또한 핸드 제스처들과 같은 사용자 제스처 명령들을 검출하기 위해 시청자의 이미지들을 캡처하기 위한 비디오 카메라(17)가 시스템(14) 및/또는 디스플레이(20)에 결합될 수 있다. 제스처 명령은 컴퓨터 입력으로서, 이미지 분석을 통한, 인식된 임의의 움직임이다.A video camera 17 may also be coupled to the system 14 and / or the display 20 for capturing images of the viewer to detect user gesture commands, such as hand gestures. A gesture instruction is any input recognized as a computer input, through image analysis.

제어 디바이스(24)는, 몇몇 예들만 언급하면, 셀룰러 전화, 랩톱 컴퓨터, 태블릿 컴퓨터, 모바일 인터넷 디바이스, 또는 텔레비전 수신기용의 리모트 컨트롤을 포함하는 모바일 디바이스일 수 있다. 디바이스(24)는 또한 데스크톱 컴퓨터 또는 엔터테인먼트 시스템과 같이 비 이동성일 수 있다. 디바이스(24) 및 시스템(14)은 일 실시예에서 무선 홈 네트워크의 일부일 수 있다. 일반적으로, 디바이스(24)는 자신의 별개의 디스플레이를 가져서 이것이 텔레비젼 디스플레이 스크린과 독립적으로 정보를 디스플레이할 수 있도록 한다. 디바이스(24)가 자신의 디스플레이를 포함하지 않는 실시예들에서, 디스플레이는 예를 들어 PIP 디스플레이에 의해 텔레비전 디스플레이상에 겹쳐질(overlaid) 수 있다. Control device 24 may be a mobile device, including, but not limited to, a cellular telephone, a laptop computer, a tablet computer, a mobile internet device, or a remote control for a television receiver. The device 24 may also be non-mobile, such as a desktop computer or entertainment system. The device 24 and system 14 may be part of a wireless home network in one embodiment. Generally, the device 24 has its own separate display, which allows it to display information independently of the television display screen. In embodiments in which the device 24 does not include its own display, the display may be overlaid on the television display, for example, by a PIP display.

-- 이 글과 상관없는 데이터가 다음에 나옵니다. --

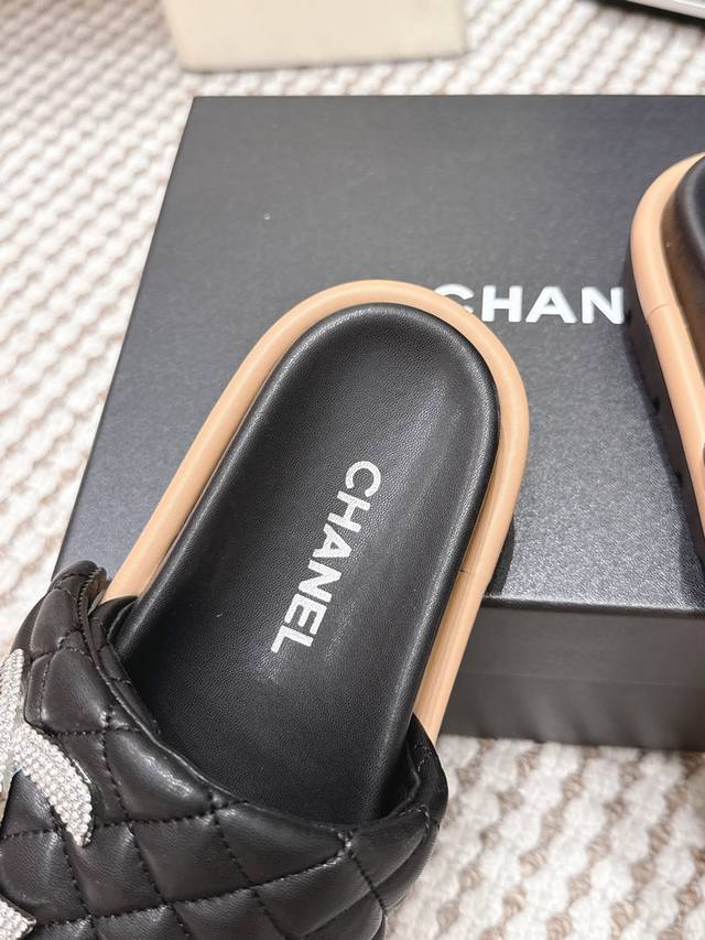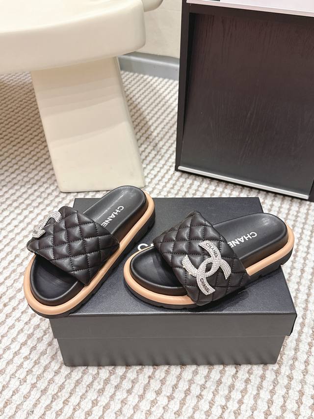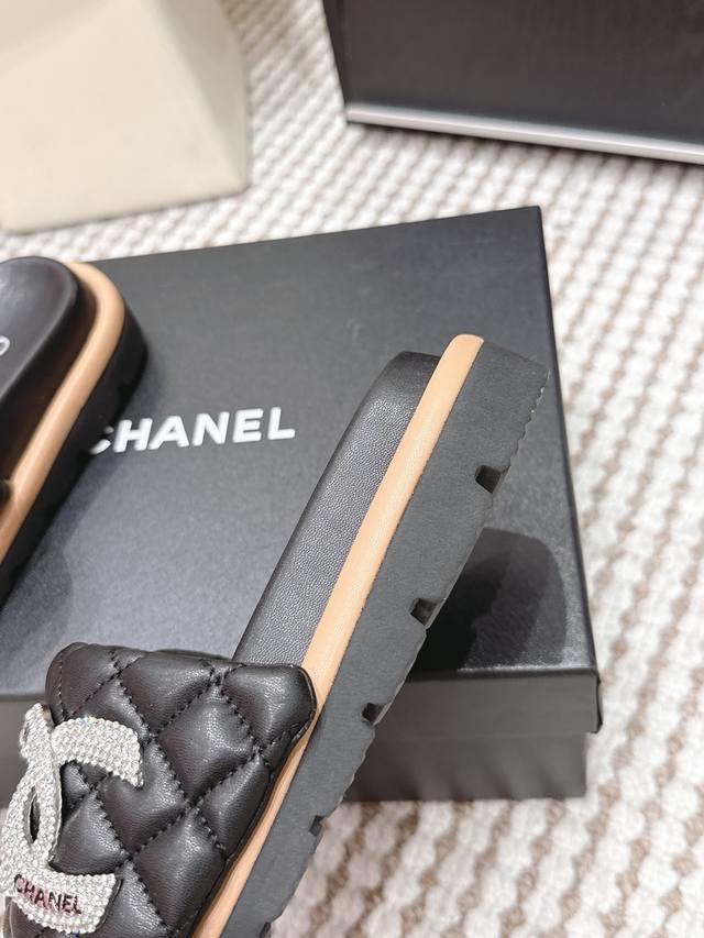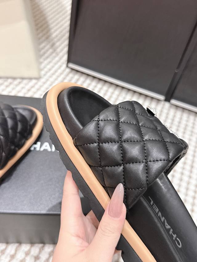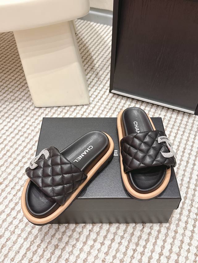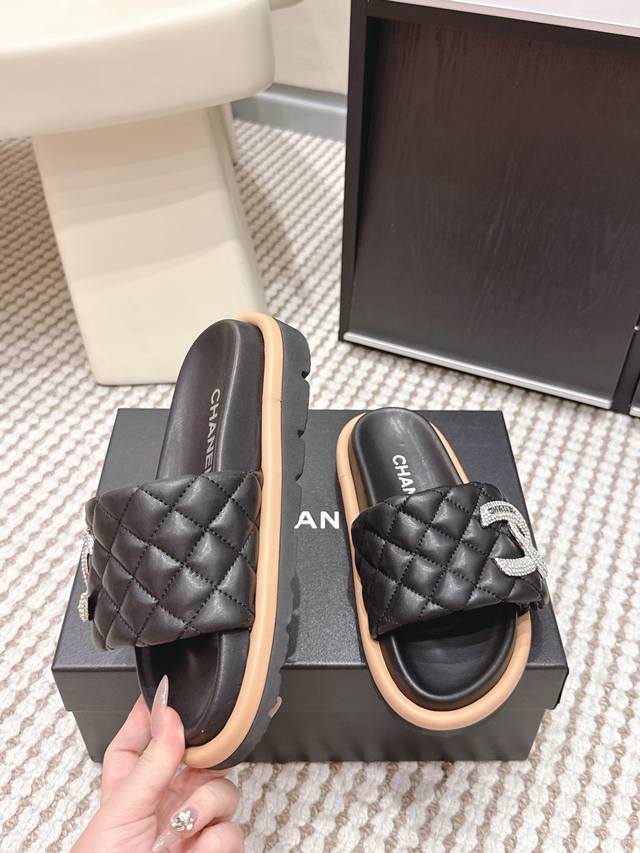 FFF 代购级 DDD Chanel香奈儿 2026春夏新款 菱格 水钻 拖鞋 DDD 香奈儿2026初春系列菱格水钻拖鞋,经典菱格纹+水钻双C Logo,品牌辨识度超高!Pu革鞋垫柔软舒适,橡胶鞋底防滑,日常穿超安心 DDD 黑色款低调奢华,裙装休闲都能搭,慵懒又精致。轻便易携,夏季出街或度假都很适合,时尚实用兼备。 DDD Size :35-39 40.41订做不退换 DDD
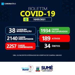A Secretaria Municipal de Saúde de Sumé registrou nesta segunda-feira (10), mais 31 casos positivos para o coronavírus.
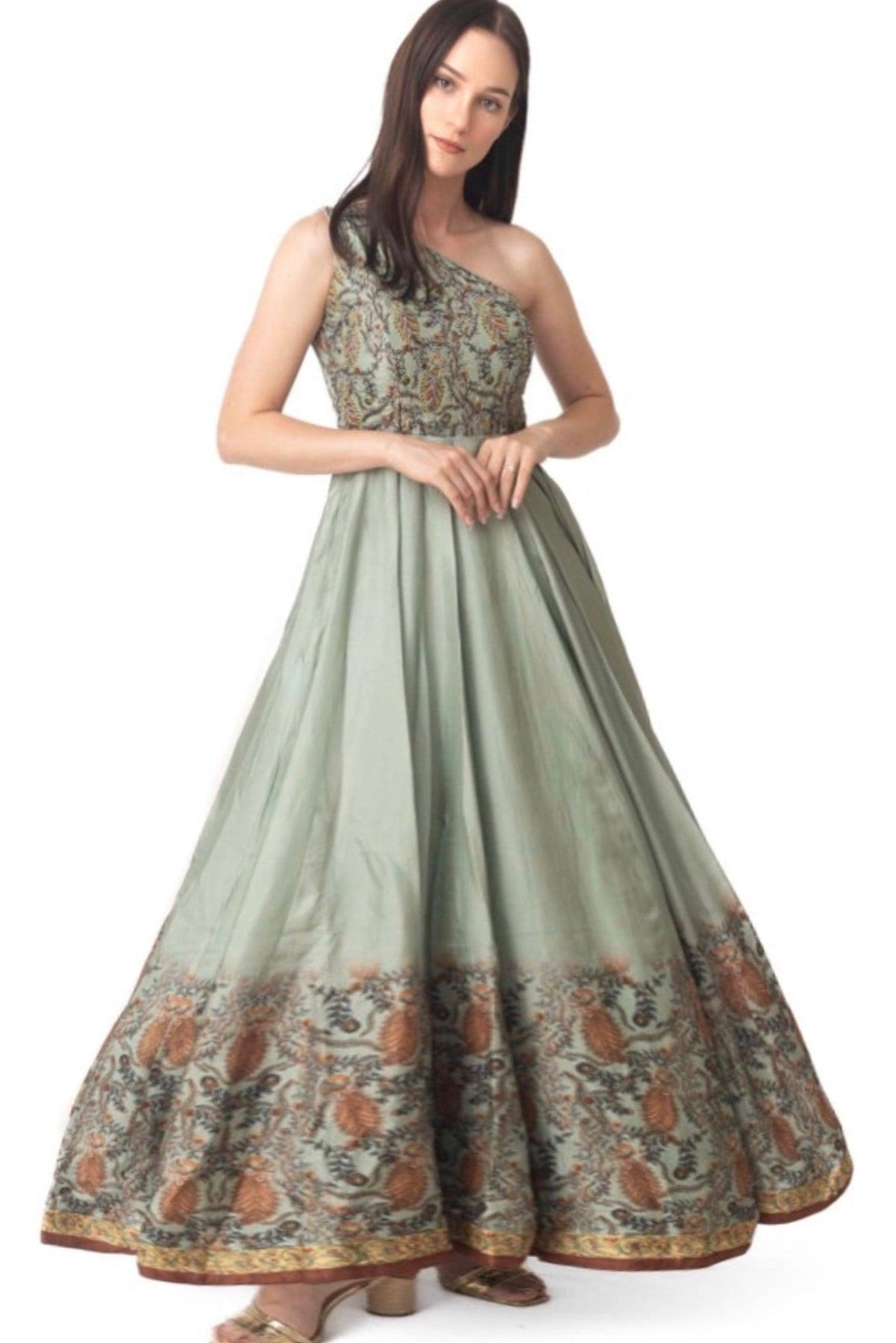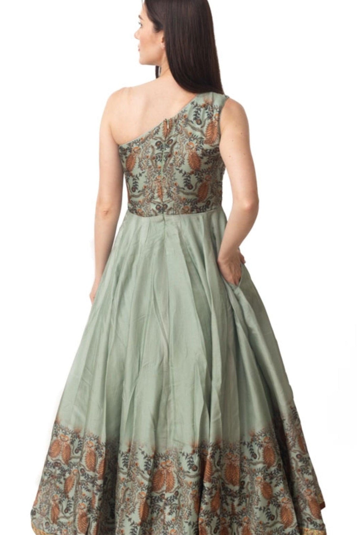 This stunning One Shoulder Dress flaunts a printed silk gown with hand embroidered torso. This green one shoulder dress, with a fit & flare silhouette, is perfect for special occasions, festive events, parties, wedding functions, or engagement ceremonies.
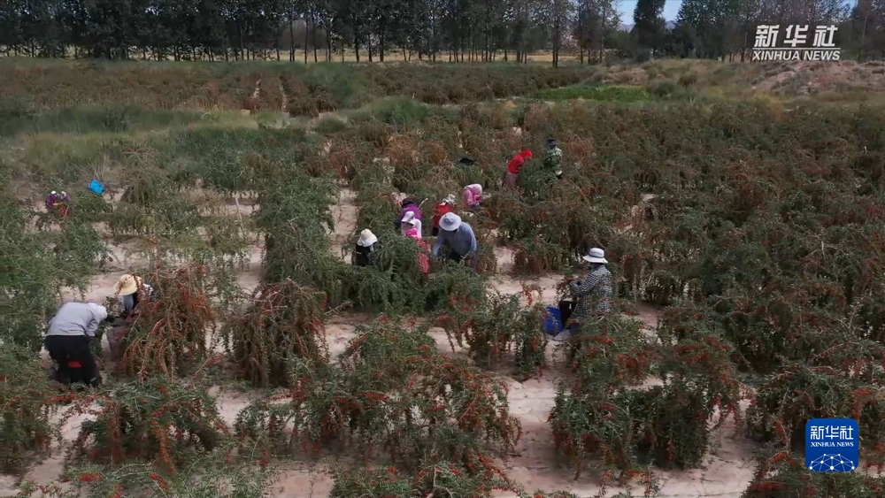 金秋时节,在位于柴达木盆地东南部的青海省海西蒙古族藏族自治州都兰县,20余万亩枸杞迎来丰收季,红玉般晶莹剔透的果实压弯了根根枝条,采收工人抓紧采收,争取更好地保持枸杞的新鲜度。
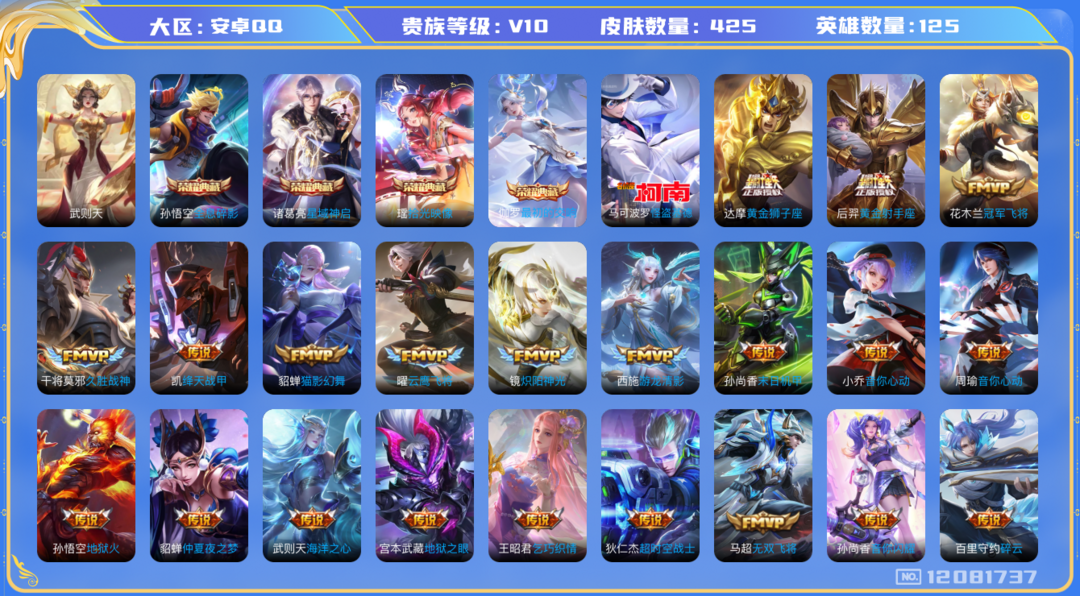 装备描述:v10 4典藏1珍品53传说 百段中路 小魔方 大国标奕星1.8w 大国标海月1.5w 大国标沈梦溪1.6w 数字国 5 小国标西施1.6w 小国标王昭君1.6w 小国标不知火舞1.7w 小国标干将莫邪1.5w 小国标诸葛亮1.4w 小国标上官婉儿1.4w 小国标周瑜1w怪盗基德 传说皮: 黄金狮子座,黄金射手座,冠军飞将,云鹰飞将,绛天战甲,猫影幻舞,久胜战神,炽阳神光,末日机甲-孙尚香,地狱火,仲夏夜之梦,音你心动-小乔,海洋之心,地狱之眼,音你心动-周瑜,乞巧织情,游龙清影,超时空战士-狄仁杰,无双飞将,音你闪耀,碎云,画中仙,妄想奇谈,永恒水手月亮,小动物乐团,霜月吟,艾琳觅芳踪,落雪白狼,玄雷天君,幻光神枪,千劫归真,续相思 限定皮: 冰锋战神,李小龙,祈雪灵祝,梁祝,时雨天司,武圣,烈魂,辉光之辰,天魔缭乱,神威,蜜橘之夏,永曜之星,时之彼端,飞衡,太华,青春决赛季,冰霜恋舞曲,逐梦之星,逐梦之影,神奇女侠,天狼绘梦者,凤求凰,白虎志,瑞麟志,朱雀志,凤凰于飞,梅西,至尊宝,默契交锋-兰陵王,武陵仙君,大圣娶亲,圣诞老人,匿光追影者,女儿国国王,寅虎·心曲,补天,深海之息,
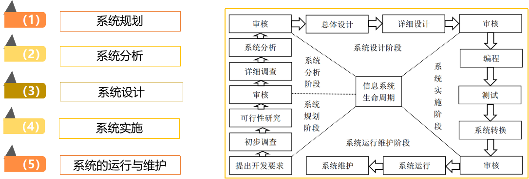 (3)结构化方法系统开发一般是严格的线性结构,各项工作依照先后顺序依次展开,一旦某项环节出现问题而又未能及时发现,会导致后面的所有环节都建立在错误的基础之上,最终产生严重的后果。
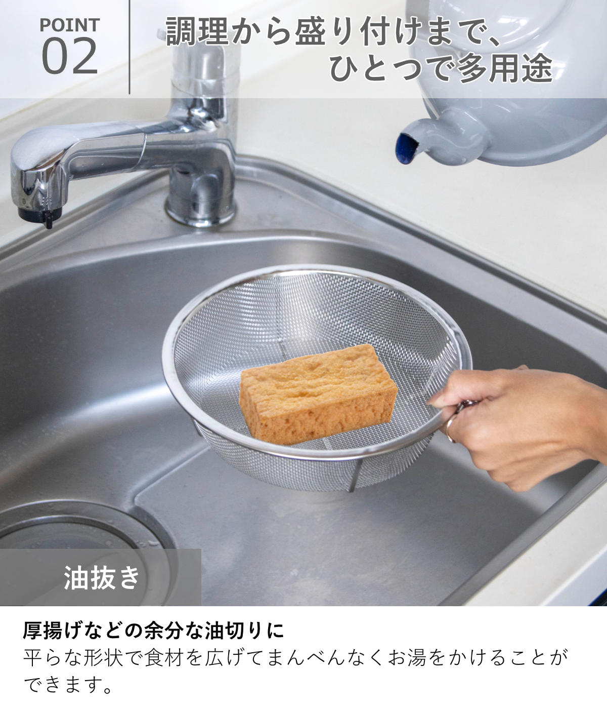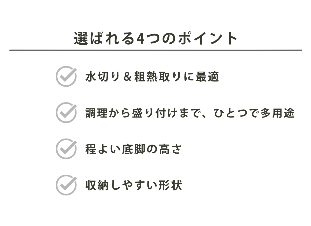 底面が平らな形状で食材を平たく並べることができるので、効率的に水切りできます。蒸気もこもりにくく粗熱取りにも最適です。
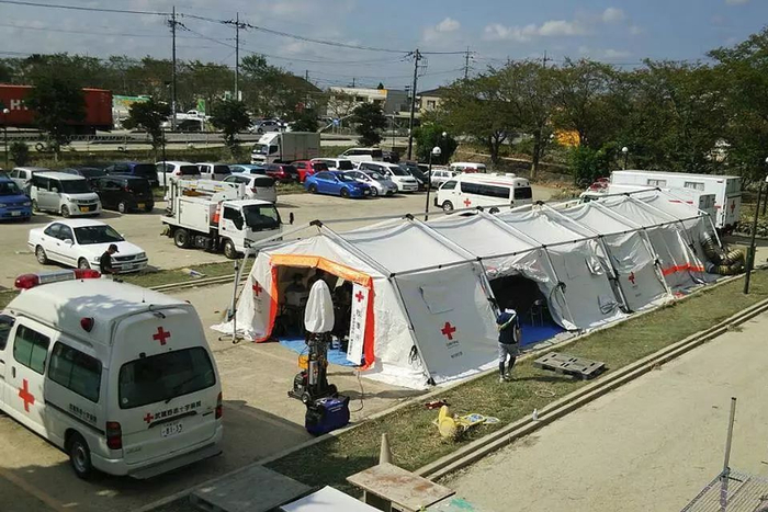 △ 在日本茨城县常总市搭建的 dERU。图片来源 | 日本红十字会 Facebook
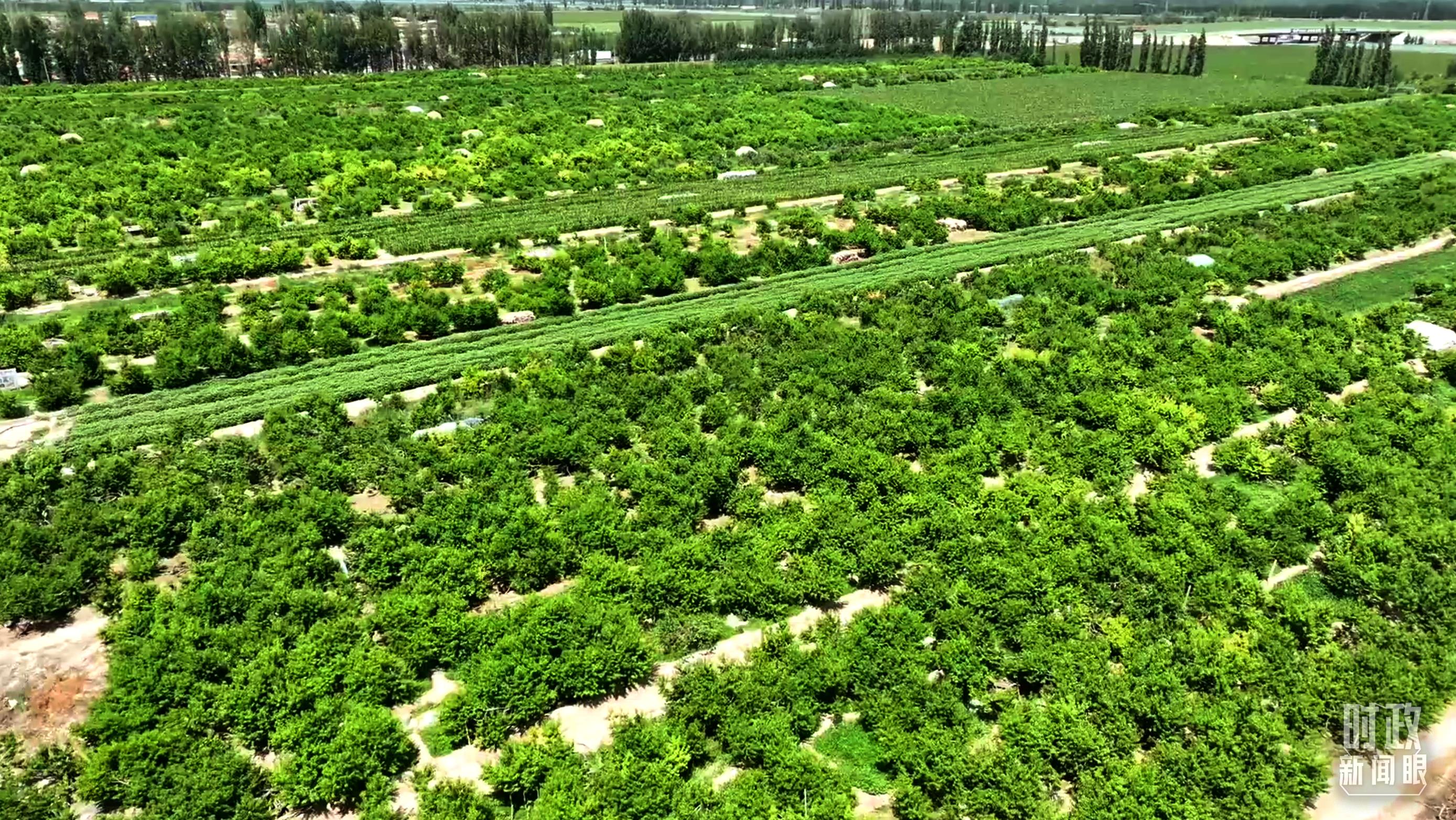 △俯瞰一四三團九連蟠桃種植園。(總臺記者郭培宇拍攝)
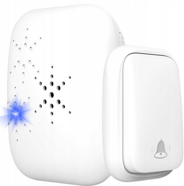 Vezeték nélküli ajtócsengő, 38 csengőhanggal, fehér, IP44 vízálló

일 실시예에서, 제어 디바이스(24)는 클라우드(28)와 통신할 수 있다. 디바이스(24)가 셀룰러 전화인 경우에, 예를 들어 이것은 궁극적으로는 인터넷을 통해 전달되는 셀룰러 전화 신호들(26)에 의해 클라우드와 통신할 수 있다. 다른 경우들에서, 디바이스(24)는 인터넷으로의 통신망 접속들과 같은 고정 배선 접속들을 통해 통신할 수 있다. 또 다른 예로서, 디바이스(24)는 텔레비전 전송 매체를 통해 통신할 수 있다. 예를 들어, 케이블 시스템인 경우에, 디바이스(24)는 케이블 시스템을 통하여 케이블 헤드엔드 또는 서버(11)에게 신호들을 제공할 수 있다. 물론, 몇몇 실시예들에서, 이것은 가용 송신 대역폭의 일부를 소모할 수 있다. 몇몇 실시예들에서, 디바이스(24)는 모바일 디바이스가 아닐 수 있고, 심지어 프로세서 기반 시스템(14)의 일부일 수 있다.In one embodiment, the control device 24 may communicate with the cloud 28. In the case where the device 24 is a cellular telephone, for example it may communicate with the cloud by means of cellular telephone signals 26 which are ultimately delivered over the Internet. In other instances, the device 24 may communicate over fixed wiring connections, such as communication network connections to the Internet. As another example, the device 24 may communicate via a television transmission medium. For example, in the case of a cable system, the device 24 may provide signals to the cable head end or server 11 via the cable system. Of course, in some embodiments, this may consume some of the available transmission bandwidth. In some embodiments, the device 24 may not be a mobile device, and may even be part of the processor-based system 14.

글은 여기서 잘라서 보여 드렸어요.